You could say it started with three small-town Minnesota boys riding their bikes to a convenience store on an October night in 1989. As they were returning home on a dark stretch of road, a man stepped out of the darkness holding a gun. He told them to lie face down on the ground and then directed two of them -- Trevor Wetterling, age 10, and Aaron Larson, 11, to run into the woods and not look back or he'd shoot them. That was the last that they, or anyone, would see of 11-year-old Jacob Wetterling.

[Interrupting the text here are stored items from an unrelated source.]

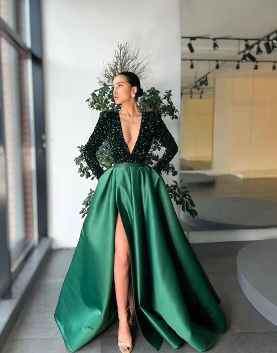 A-Line V-Neck Stain Split Prom Dresses With Sequin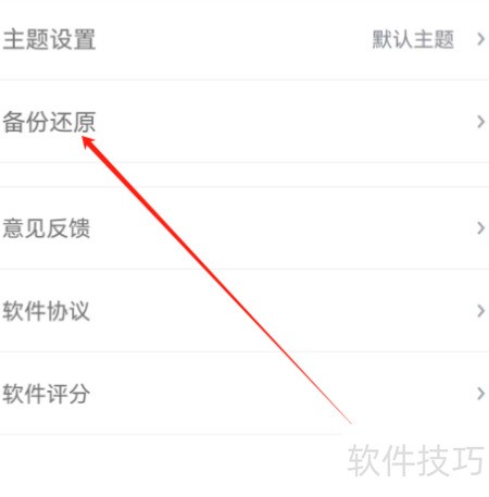4、 进入安卓掌中记的关于页面,选择备份与还原功能。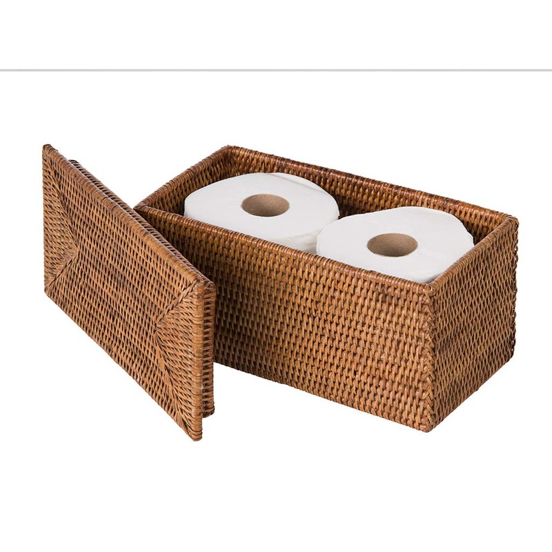 Kouboo La Jolla Rectangular Rattan Box, Honey-Brown Toilet Roll Storage Basket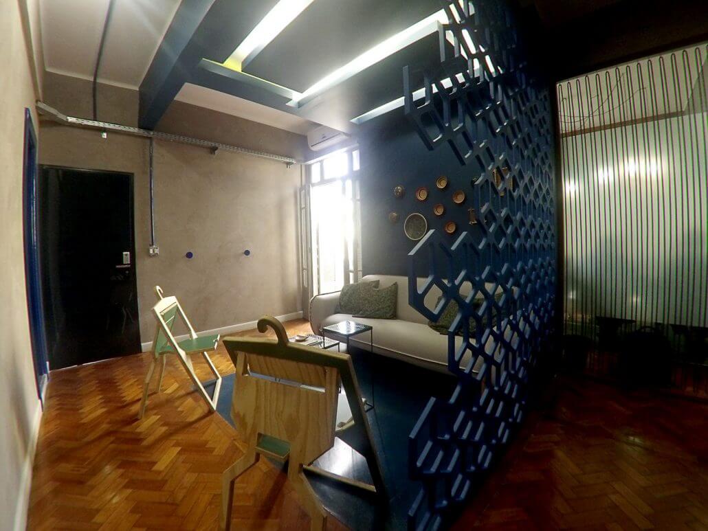 Para este Projeto de Sala Comercial solicitado pelo cliente Instituto Dialog, uma empresa de sustentabilidade empresarial, a equipe da Unpack Design fez uma pesquisa para incorporar a utilização de diversos materiais reciclados e de reuso do sistema B. No projeto, itens como garrafa pet, couro de pirarucu, placas de açaí, corda naval e folha de bananeira foram todos integrados e implementados com harmonia visando o contraste do cimento queimado. Confira nas imagens a seguir mais sobre este Projeto com pegada sustentável.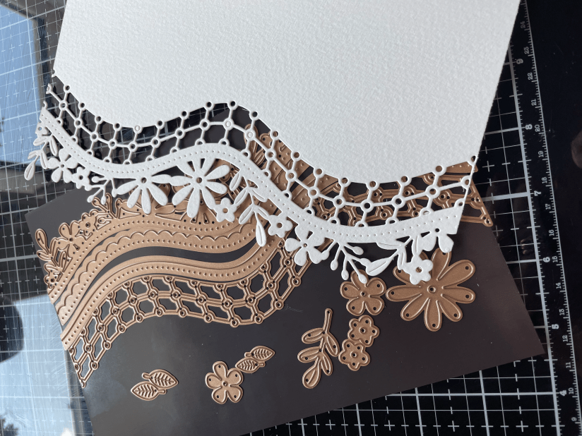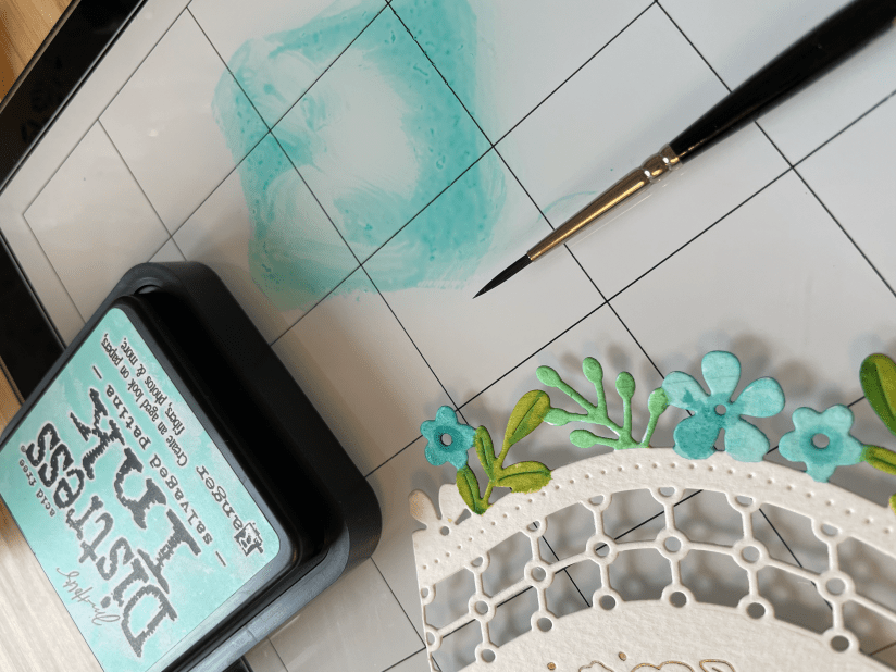 So I started by die cutting the panel which is from Spellbinders. I coloured the flowers using two new colours from Ranger in their distress ink range.

The subsequent fruitless search led President Bill Clinton to sign a law in September 1994 designed to help police quickly locate potential perpetrators of sex offenses. The Jacob Wetterling Act required states to create sex-offender registries accessible to police, though not to the public. But that same year, 7-year-old Megan Kanka of Hamilton Township, New Jersey, was lured across the street, then raped and murdered by a neighbor who -- unbeknownst to her parents -- had served six years in prison for aggravated assault and attempted sexual assault on another child. The Kankas maintained that, had they known a convicted sex offender lived nearby, they could have protected their daughter. So in 1996, Clinton signed Megan's Law, which required states to open up their sex-offender registries to the public.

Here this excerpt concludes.